И – вот она, знаменитая бухта. С запада она огорожена Карадагом – горным кряжем, круто обрывающимся в море. С востока – грядой рыжих холмов. Диковатый пейзаж смягчала зеленая полоска Дома творчества вдоль берега. Тут вытянулся желтой гусеницей «19-й корпус», и, разбросанные среди деревьев, стояли небольшие домики-коттеджи с верандами. Возглавлял этот писательский поселок двухэтажный, с башенкой, особняк Волошина, от которого, собственно, и пошел Дом творчества в Коктебеле.
За поселком простиралась степь, и северный ветер нес в Коктебель полынный дух. Вообще этот уголок Крыма был менее жарким, чем Южный берег, защищенный от степных ветров горным хребтом Яйлы.

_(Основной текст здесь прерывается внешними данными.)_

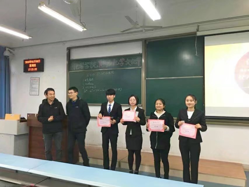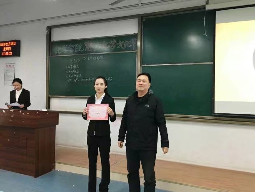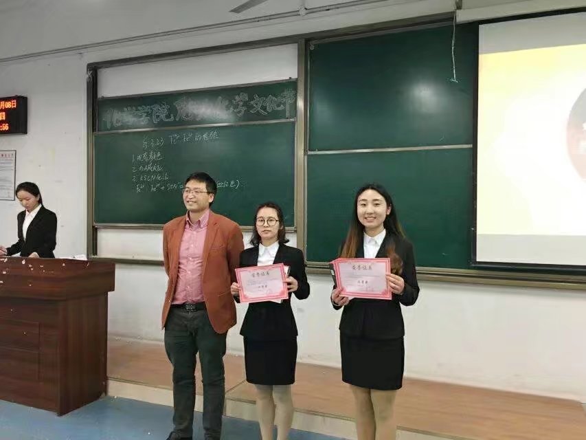 在许应华老师的评奖后,主持人宣布获奖名单:一等奖:郝静,二等奖:王春华、 尹巧,优秀奖:陈西、陈猛、林晓慧、刘翠竹,此次师范生技能大赛的成功举办, 为化院师范生提供了一个学以致用的实践与交流的平台, 对咪咪爱 提升师范生实践教学水平, 增强就业竞争力起到了积极的促进作用。更加突出了咪咪爱 第三届魅力化学文化节的精神内涵。

В волошинском доме-музее обитала вдова Максимилиана Александровича – Мария Степановна, седая, коротко стриженная дама с крестьянским лицом, с властными манерами. Иногда она устраивала литературные вечера в мастерской Волошина. Поэты, отдыхавшие в Коктебеле, читали свои стихи. Мария Степановна слушала с каким-то отрешенным видом. Смотрела в окно на желто-серый массив Карадага. Закатное солнце обводило золотистым контуром его очертания, похожие на профиль огромной головы, – говорили, что это профиль Волошина. Не знаю. Но дух его, несомненно, витал над Коктебелем. В своей мастерской, стены которой были увешаны его акварелями, он, спокойно-величественный, будто с Олимпа, смотрел с портрета на новое (и, вероятно, не понятное ему) литературное поколение. Мощная голова, обрамленная как бы львиной гривой, была сродни голове самого Зевса…
(Много позже прочел я в воспоминаниях Максимилиана Волошина: «Приятно родиться поэтом в России, приятно чувствовать сочувствие и поддержку в безымянных массах своих сограждан. С каждым разом этот вопрос становится все более и более остро: кто меня повесит раньше: красные – за то, что я белый, или белые – за то, что я красный?»)
Закрою глаза и вижу зрением памяти: ты в своем черном купальнике медленно идешь по коктебельскому пляжу. Среди гальки, устилающей песок, много красивых камешков – полосатых, разноцветных, идеально круглых с дыркой посредине (такие почему-то назывались «куриными богами»). Вот и ты поддалась здешнему поветрию – «каменной болезни». Идешь по пляжу, по галечнику, высматривая и подбирая камешки… Радуешься, найдя «куриного бога»… И языки прибоя с легким шорохом подкатываются к твоим маленьким ступням…
Ты помнишь, какое чудесное купание в Коктебеле? Ну да, ты не умела плавать – просто окуналась, подпрыгивала в воде. Или я тянул тебя, взяв за руки, и ты плыла, болтая ногами и смеясь…
А мы с Аликом купались вовсю. Он уже умел плавать вполне приличными саженками.
Но ты не знала, что произошло в Лягушачьей бухте…
В эту бухту у подножья Карадага мы с Аликом пошли однажды утром. Погода была отличная. Вот такими солнечными утрами, продутыми несильным ветром, когда идешь босой, в плавках, по берегу моря, особенно остро ощущаешь слияние с природой. Жизнь и вообще-то произошла из морских глубин. Наша кровь похожа, тождественна соленой морской воде…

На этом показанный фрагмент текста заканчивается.